U.S. to Loan World Bank $1 Billion to Clear Sudan Debt
(Bloomberg) -- The U.S. will give a $1 billion bridge loan to the World Bank to help clear Sudan’s arrears with the institution, opening the door to much-needed funding for the economically ravaged African country, Sudan’s finance ministry said.
The move is due “in the coming days” and will lead to Sudan regaining access to the World Bank’s International Development Association, the ministry said in statements to Bloomberg. The comments come after the U.S. on Monday rescinded Sudan’s 27-year designation as a state sponsor of terror.

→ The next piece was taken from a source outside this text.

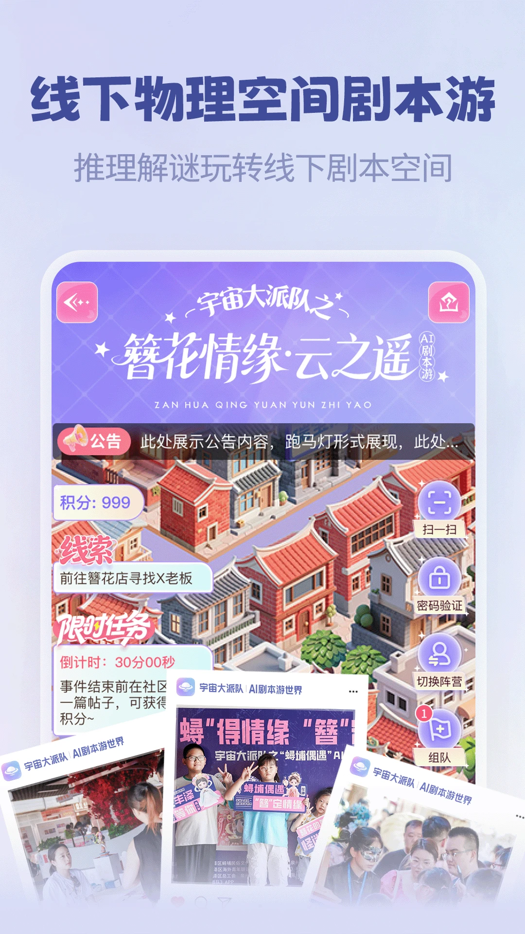 宇宙大派队致力于打造一个充满想象力的虚实交融世界,在这里,每一次登录都是一场全新的冒险,每一次互动都可能开启意想不到的故事。无论你是剧本杀爱好者、解谜游戏达人,还是单纯喜欢结交新朋友的社交达人,都能在这里找到属于自己的乐趣。快来加入宇宙大派队,开启你的次元冒险吧!
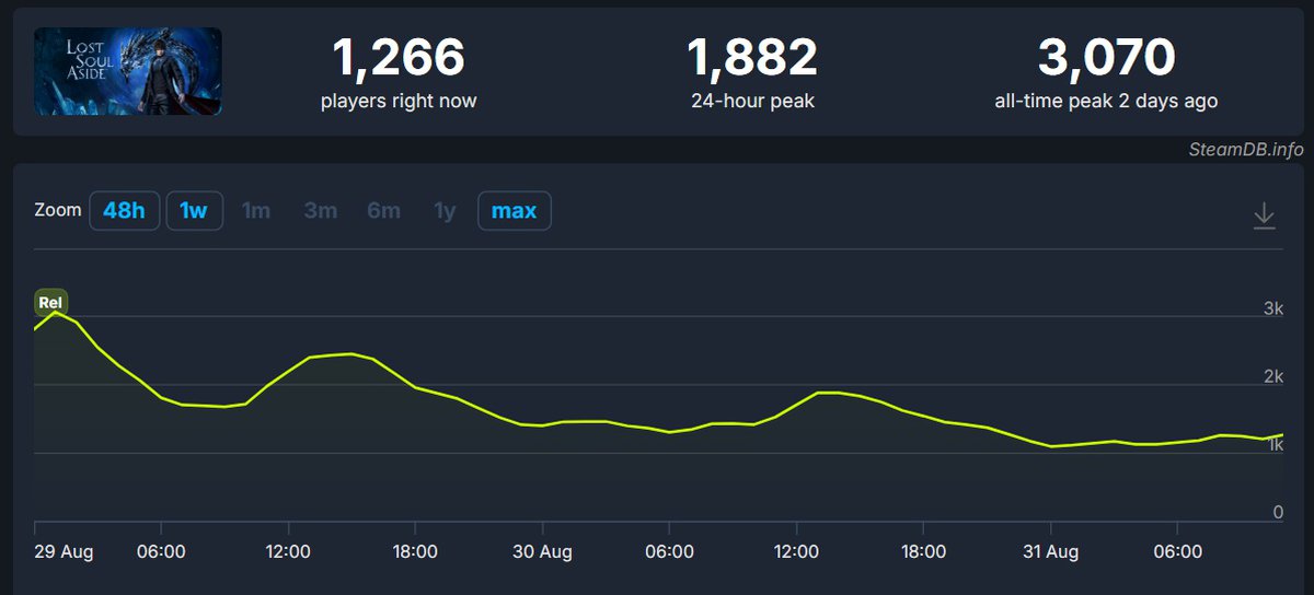 Мы не знаем, как дела у Lost Soul Aside на PlayStation 5, но в Steam интерес к проекту минимальный. В пике игра привлекла 3070 человек одновременно, на выходных этот результат явно не будет побит.

The change could in turn allow Sudan to get $1.5 billion in annual development assistance via an initiative for so-called heavily indebted poor countries, according to the ministry. The U.S. government will also provide wheat and unspecified other commodities for four years, it said.
The pledges are the first significant economic boon for Sudan after the U.S.’s long-awaited de-listing. Washington named Sudan a terror sponsor in 1993, citing its links with international Islamist-militant organizations under then-dictator Omar al-Bashir. Four years later, it enacted sweeping sanctions that lasted until 2017.

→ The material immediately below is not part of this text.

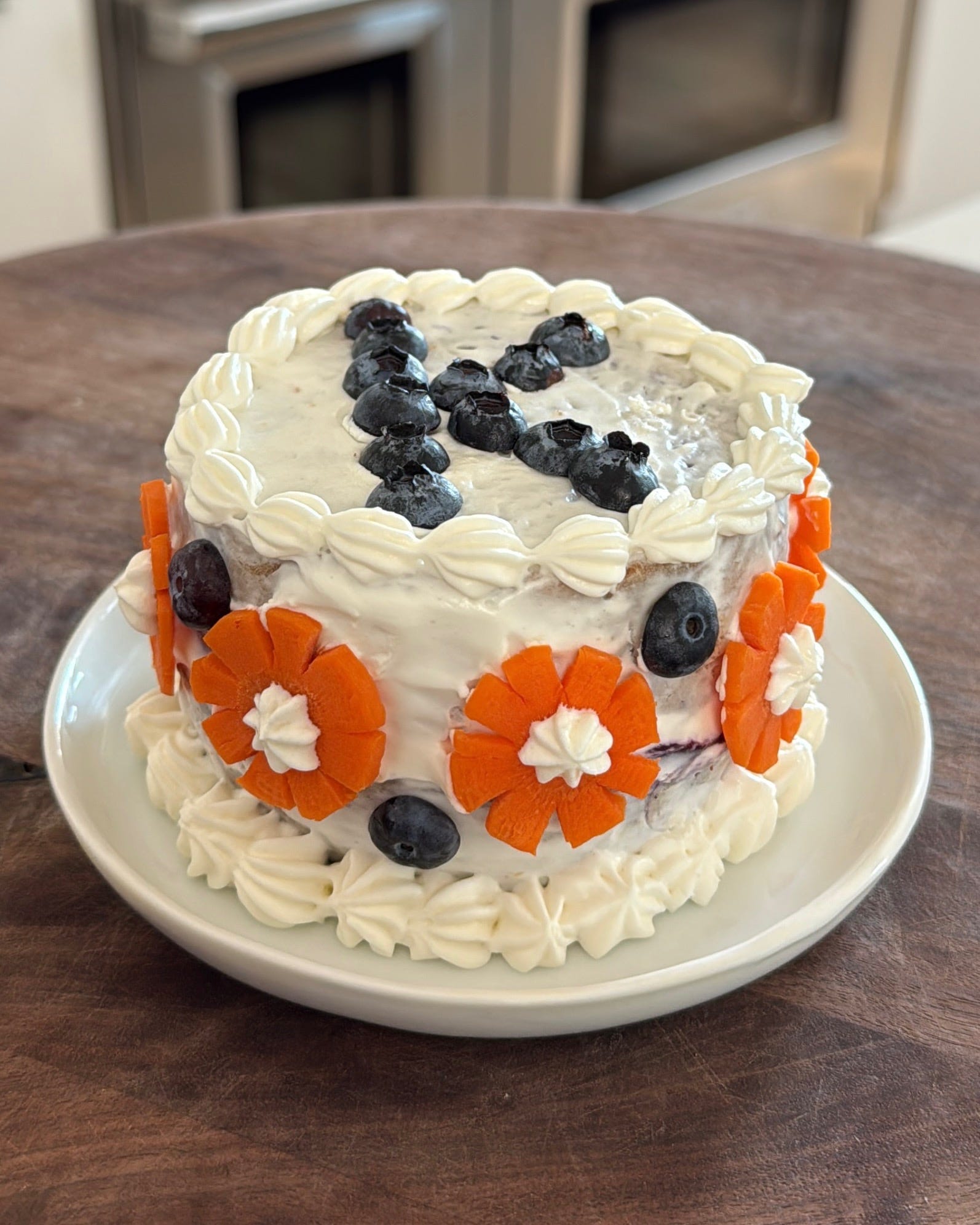 This is the doggy cake I made for Kimchi’s birthday. It has banana, peanut butter, blueberries, and a little cream cheese. She loved it so much, she devoured it in (almost) one bite!

The rescission is another step toward overturning the legacy of Bashir, who made the country an international pariah for much of his 30-year rule and was ousted by the army amid mass protests in April 2019.
The ministry also said a delegation involving the 10 largest U.S. agricultural companies will visit Sudan soon to build investment opportunities, followed by officials from other sectors.
Sudan is $1.3 billion in arrears to the IMF and external debt is almost $60 billion, sums that the government is trying to settle.
The de-listing was expected after President Donald Trump said in October that Sudan had agreed to make a long-sought payment of some $335 million to U.S. victims of terrorism and their families. Discussions also brought in Sudan’s fledgling relations with Israel, a country Khartoum had never previously recognized and with which it agreed a peace deal just days later.
Sudan has agreed only to end a state of war with Israel, but developing relations will be subject to further agreements and need legislative approval, Foreign Minister Omar Qamar al-Din said in an interview with the pan-Arab Hadath TV channel aired Tuesday.
The current Sudanese government, a civilian-military coalition ruling until democratic elections, hasn’t said how the country can afford the compensation payment to U.S. citizens. It’s still seeking sovereign immunity to protect it from further legal action in the U.S., Qamar al-Din said.